**Exercise data:**
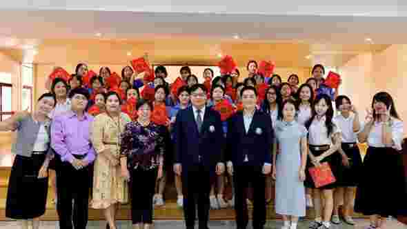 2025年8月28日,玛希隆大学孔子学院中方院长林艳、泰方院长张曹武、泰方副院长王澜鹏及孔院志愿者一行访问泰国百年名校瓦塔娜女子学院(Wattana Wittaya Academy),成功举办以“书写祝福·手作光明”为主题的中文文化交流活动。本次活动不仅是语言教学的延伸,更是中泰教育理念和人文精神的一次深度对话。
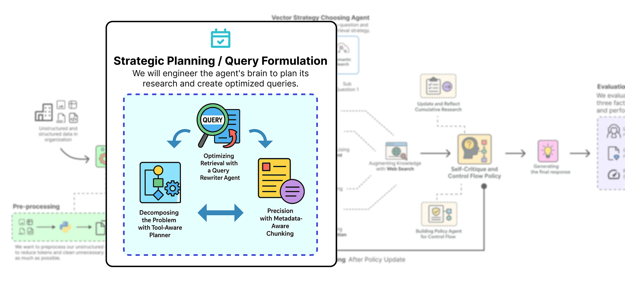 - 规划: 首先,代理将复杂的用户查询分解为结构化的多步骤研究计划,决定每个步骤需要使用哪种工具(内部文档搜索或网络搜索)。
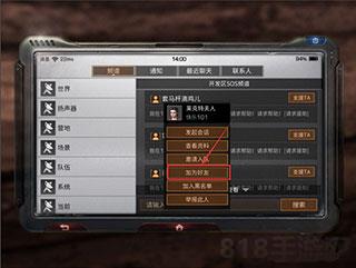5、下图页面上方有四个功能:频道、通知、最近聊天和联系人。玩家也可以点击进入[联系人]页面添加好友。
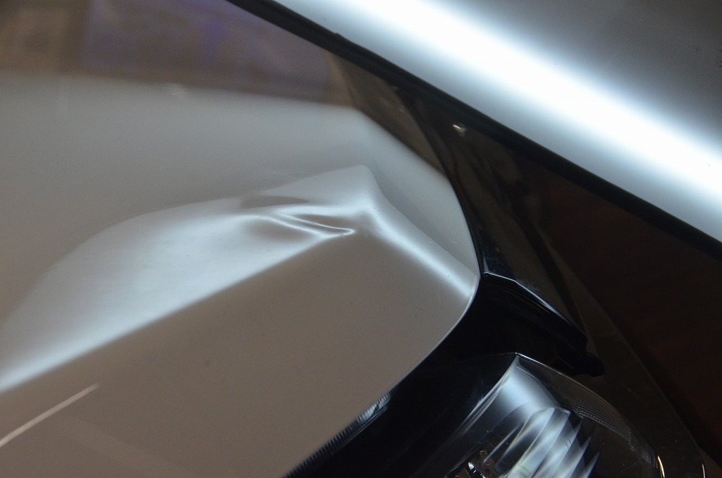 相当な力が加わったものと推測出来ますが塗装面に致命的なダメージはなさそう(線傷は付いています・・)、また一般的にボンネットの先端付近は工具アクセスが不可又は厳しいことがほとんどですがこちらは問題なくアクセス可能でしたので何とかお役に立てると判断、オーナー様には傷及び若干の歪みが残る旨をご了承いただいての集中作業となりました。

**Prompt:**
Each line from the one containing "- 规划: 首先,代理将复杂的用户查询分解为结构化的多步骤研究计划,决定每个步骤需要使用哪种工具(内部文档搜索或网络搜索)。" through the last line of the data should be written out exactly. Skip the pictures, and add no other lines.

**Answer section:**
 - 规划: 首先,代理将复杂的用户查询分解为结构化的多步骤研究计划,决定每个步骤需要使用哪种工具(内部文档搜索或网络搜索)。
5、下图页面上方有四个功能:频道、通知、最近聊天和联系人。玩家也可以点击进入[联系人]页面添加好友。
 相当な力が加わったものと推測出来ますが塗装面に致命的なダメージはなさそう(線傷は付いています・・)、また一般的にボンネットの先端付近は工具アクセスが不可又は厳しいことがほとんどですがこちらは問題なくアクセス可能でしたので何とかお役に立てると判断、オーナー様には傷及び若干の歪みが残る旨をご了承いただいての集中作業となりました。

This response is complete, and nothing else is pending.